The number of hunting licenses issued in Iowa has declined for 10 straight years, according to the Department of Natural Resources. The agency issued 194,019 resident hunting licenses in 2001 and that had dropped to 160,466 by 2011. Officials blamed several factors for that drop, including recent harsh winters that have hurt wildlife populations, less animal habitat and an increasingly urban population that is less likely to hunt.



Landowners Receive $5 million from SD Game, Fish and Parks

Landowners in South Dakota received more than $5 million in the past year from the state Game, Fish and Parks Department for granting public hunting access on their land. That represents about 9 percent of GFP’s operations budget and about 5 percent of the department’s total budget of $82 million. About $50 million of GFP’s budget annually comes from license, park and camping sales, with about $5 million of general funding from the Legislature and depending on the year about $20 million to $30 million in federal aid.



The biggest portion of the access money went to landowners in the James River valley who enrolled in the special Conservation Reserve Enhancement program run by the department.

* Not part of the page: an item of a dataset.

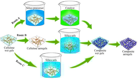Cellulose, as abundant native polymer, has gained recent popularity due to its renewable and environmentally-friendly properties [38,39], including enhanced aerogel strength [27]. Recent studies have combined a cellulose nanofiber network matrix with a silica gel skeleton to produce a nanoscale IPN structure [36,40,41,42,43]. The strength of these silica-cellulose composite aerogels was over two orders of magnitude higher than that of native silica aerogels. There are two main preparation methods for producing these composite aerogels, both of which are notably tedious and time-consuming. The first method involves preparing a cellulose wet gel matrix into which a silica precursor is diffused followed by a catalyst, resulting in a silica gel skeleton (route A in Figure 1) [41,44,45]. This two-step diffusion process is time-consuming, and the silica precursor at the surface of the matrix can separate from the matrix before gelation. The second method involves soaking a dried cellulose web-like nanofiber matrix (i.e., cellulose aerogels) in a prepared silica sol to complete the ongoing sol-gel reaction in the matrix (route B in Figure 1) [33,36,40,42,46]. While diffusion occurs in a single step, the matrix must be dried using freeze-drying or supercritical drying to preserve the web-like structure, both of which are tedious. A simpler process should be developed to save time and improve preparation efficiency.
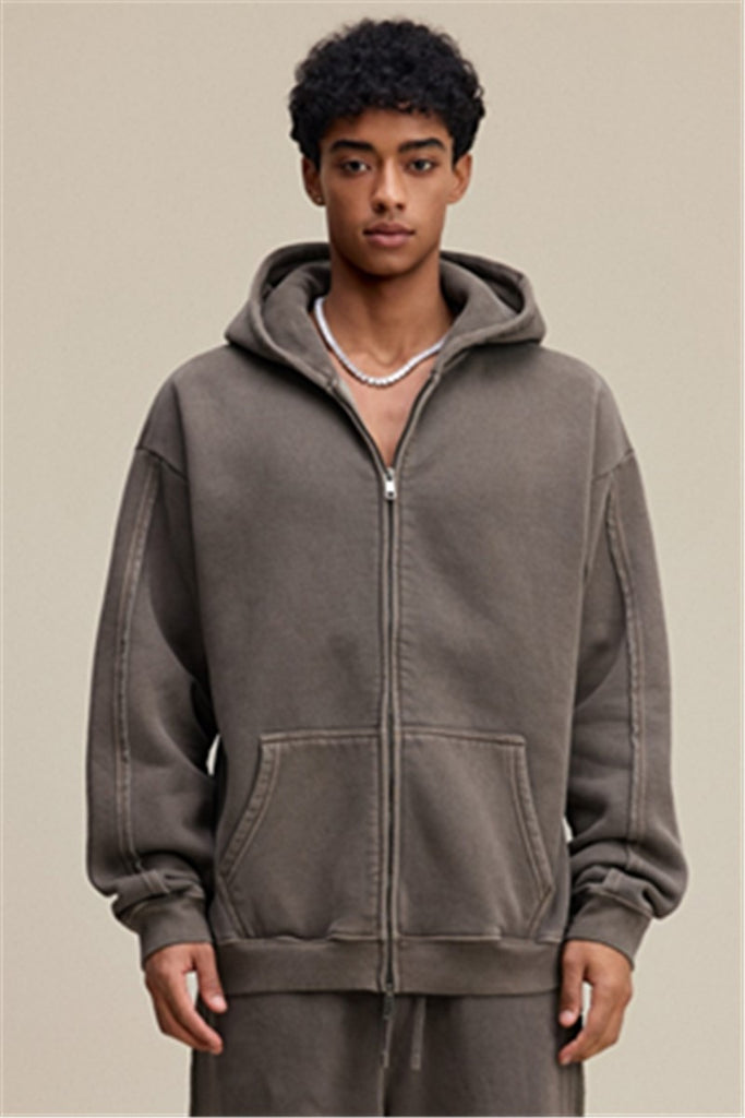 400GSM Distressed Washed Double Zip Up Hoodie

The department paid $2.2 million to the holders of those contracts. They currently number 582, covering about 62,300 acres, with each agreement each scheduled to run 10 to 15 years. The department can take up to 100,000 acres. An equally large amount went to about 1,400 landowners who placed property in GFP’s walk-in area program. More than 1.3 million acres were contracted in 2011 at a cost of about $2.2 million to the department.



2011 SD Pheasant Harvest topped 1.5 million Birds

South Dakota is such a hotspot for pheasant hunting that even a down season still is very good. Hunters harvested more than 1.5 million pheasants in South Dakota during the 2011 season, according to an estimate by the SD Game, Fish and Parks Department. That was down from an estimated 1.8 million roosters taken by hunters in 2010.



The smaller harvest was expected, after the tough winter of 2010-2011 and the loss of habitat as farmers converted more grass acres to crops. The 2011 harvest was still the ninth-highest in the past 20 years.

Hunters again turned out in large numbers despite the lower expectations. Non-resident hunters totaled 95,077, down from 100,189 in 2010, while South Dakota hunters numbered 69,120, down from 72,465.



Bill to Increase the Cost of the Duck Stamp Introduced

Senate Bill S. 2156 would allow the Interior Secretary to adjust the price of the duck stamp, the license needed to hunt migratory waterfowl, every five years. The price of a stamp is still only $15 and has not increased since 1991. Because of that, the Duck Stamp has lost half of its purchasing power for land and habitat according to FWS Director Dan Ashe. Increasing the fee to $25, as suggested in the administration's fiscal 2013 budget, has the support of many sportsmen's and conservation groups, including Ducks Unlimited, the National Wildlife Federation, and the League.